══ Supplied information ══

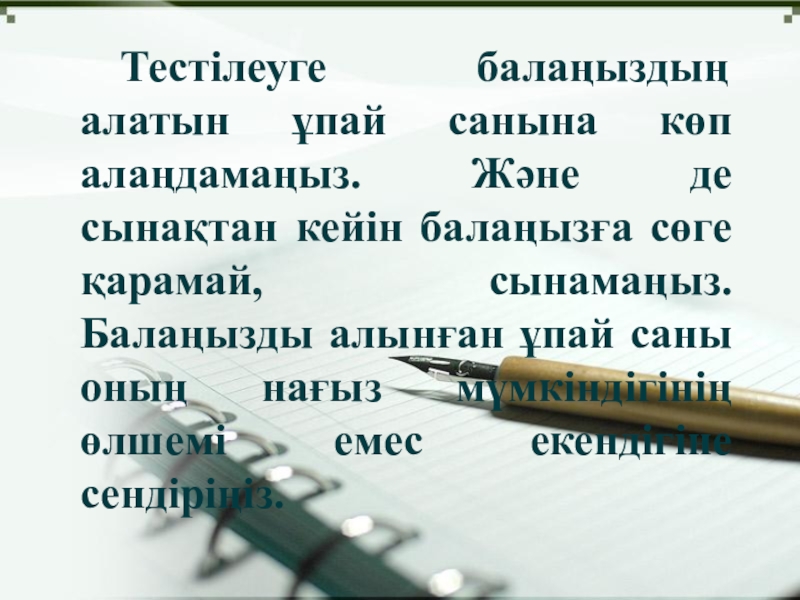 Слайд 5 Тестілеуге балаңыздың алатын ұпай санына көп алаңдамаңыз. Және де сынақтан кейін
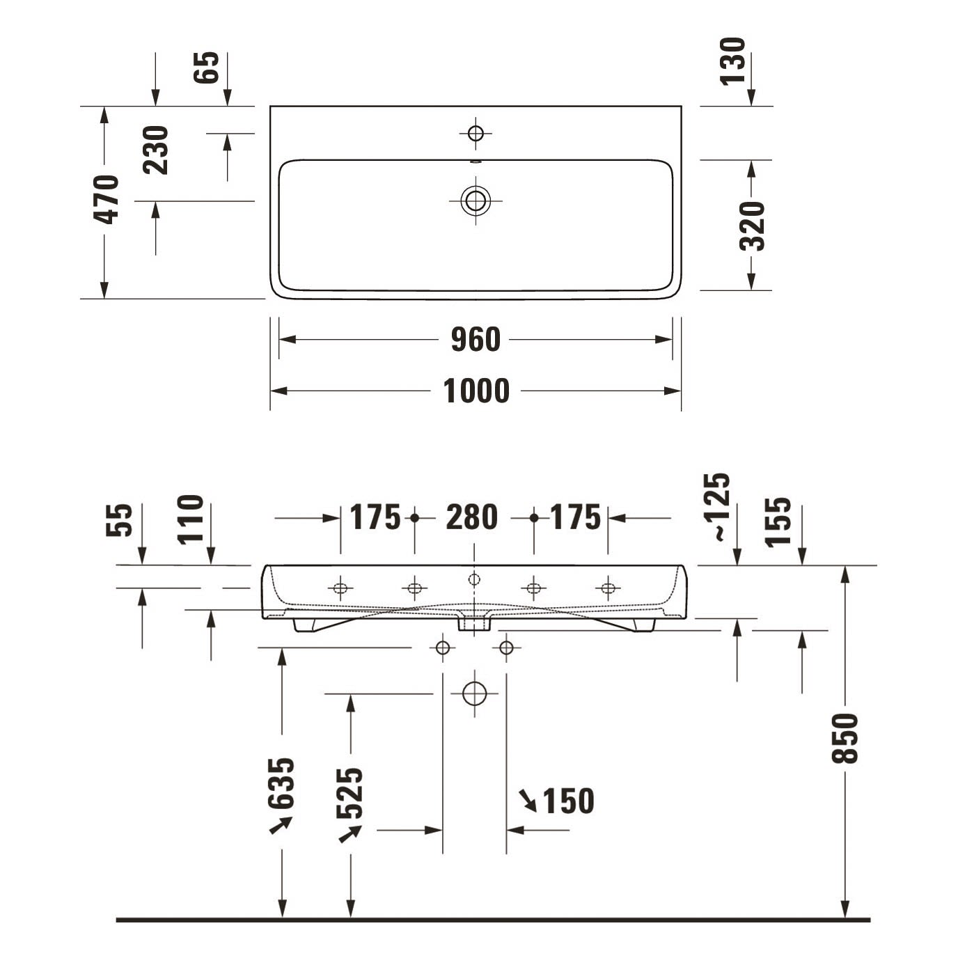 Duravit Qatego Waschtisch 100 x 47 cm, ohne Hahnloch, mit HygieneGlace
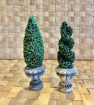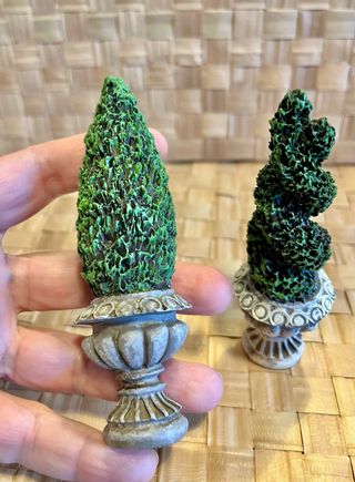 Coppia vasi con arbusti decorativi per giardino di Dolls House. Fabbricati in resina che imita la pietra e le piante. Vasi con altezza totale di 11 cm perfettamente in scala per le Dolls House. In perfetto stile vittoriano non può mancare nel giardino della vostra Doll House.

═══

Assignment>
Restate the listing above word for word and skip each picture.

Problem solution>
 Слайд 5 Тестілеуге балаңыздың алатын ұпай санына көп алаңдамаңыз. Және де сынақтан кейін
 Duravit Qatego Waschtisch 100 x 47 cm, ohne Hahnloch, mit HygieneGlace
 Coppia vasi con arbusti decorativi per giardino di Dolls House. Fabbricati in resina che imita la pietra e le piante. Vasi con altezza totale di 11 cm perfettamente in scala per le Dolls House. In perfetto stile vittoriano non può mancare nel giardino della vostra Doll House.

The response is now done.